If full data provider functionality is overkill, you can send datasets one at a time via the #[TestWith] attribute:

php
#[TestWith([1, 1, 2])]
#[TestWith([1, 2, 3], 'second dataset')]
public function testSum(int $a, int $b, int $c): void { ... }

That's about all there is to say about data providers in PHPUnit ¯\_(ツ)_/¯

What's in Testo?

Well, this article wouldn't exist if there was nothing to say.

First, I didn't like the #[TestWith] attribute name in PHPUnit. It conveys the intent well (test with "this"), but what about consistency? I wouldn't have known about this attribute if not by chance (do you know about it?).

☝️ It would be better if this attribute appeared in IDE suggestions when typing "Data": next to DataProvider.

That's why in Testo this attribute is named: #[DataSet].

Second, Testo has no separate #[DataProviderExternal] attribute: the need for it simply disappears, since you can pass any callable to #[DataProvider].

And third, datasets in Testo can merge not only vertically, but also horizontally and diagonally.

Let's go through everything in order.

DataSet

Simply a standalone dataset for a test:

php
#[DataSet([1, 1, 2])]
#[DataSet([1, 2, 3], 'second dataset')]
public function testSum(int $a, int $b, int $c): void { ... }

The second argument is a label that appears in reports.
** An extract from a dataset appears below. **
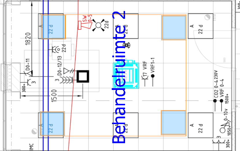 Aan de hand van een project van ITN Groep laat Juda de gevolgen zien van een herberekening. “Dit project bestaat uit diverse ruimten. Neem deze behandelruimte waar in de aangeleverde lichttekening 6 armaturen zijn ingetekend. Na herberekening blijken 4 armaturen voldoende. Dit is bereikt door armaturen toe te passen met een hogere lichtopbrengst.”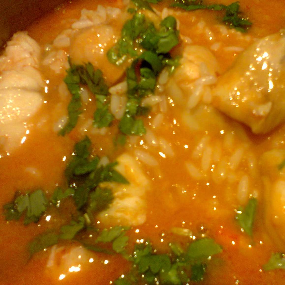 Depois de verificar se o arroz está bem cozido, deite para um tacho/pirex e junte o arroz, com o peixe/camarão e deite coentros previamente picados.

Useful when a test fails and you want to immediately see which scenario broke.

DataProvider

Like PHPUnit, Testo expects data providers to return dataset collections: iterable<array>. The attribute accepts non-empty-string|callable as a pointer to the provider.

  1. If a string is provided, Testo first looks for a method in the same class. If not found, it checks if it's a callable (a function or callable-string like Class::method).

    php
    // Method in current class
    #[DataProvider('dataSum')]
    
    // callable-string
    #[DataProvider('AnyClass::method')]
  2. Another callable example is callable-array:

    php
    // Method from another class
    #[DataProvider([AnyClass::class, 'method'])]
  3. Don't forget about invokable classes with __invoke() method:

    php
    // Class with __invoke() method
    #[DataProvider(new FileReader('sum-args.txt'))]

    Valentin Udaltsov reached out with a request for this feature, not knowing it was already implemented.

    TelegramThanks for the use case.

  4. And the best part: closures directly in attributes. I don't have ideas why someone would need this, but if PHP 8.5 allows it, why not?

    php
    // Just a closure (PHP 8.5)
    #[DataProvider(static function(): iterable {
        yield from Source::fromFile();
        yield from Source::fromCache(\getenv('CACHE_KEY'));
    })]
    // Or
    #[DataProvider(SomeClass::method(...))]

Combining Providers

You probably guessed that stacking multiple Data-attributes (#[DataSet] and #[DataProvider]) on a function will grow the dataset collection, similar to a UNION query in SQL.

php
#[DataSet([1, 1, 2])]
#[DataProvider('dataSum')]
#[DataProvider(SomeClass::method(...))]
public function testSum(int $a, int $b, int $c): void { ... }

The test runs for all datasets sequentially: first [1, 1, 2] from DataSet, then all from dataSum, then all from SomeClass::method().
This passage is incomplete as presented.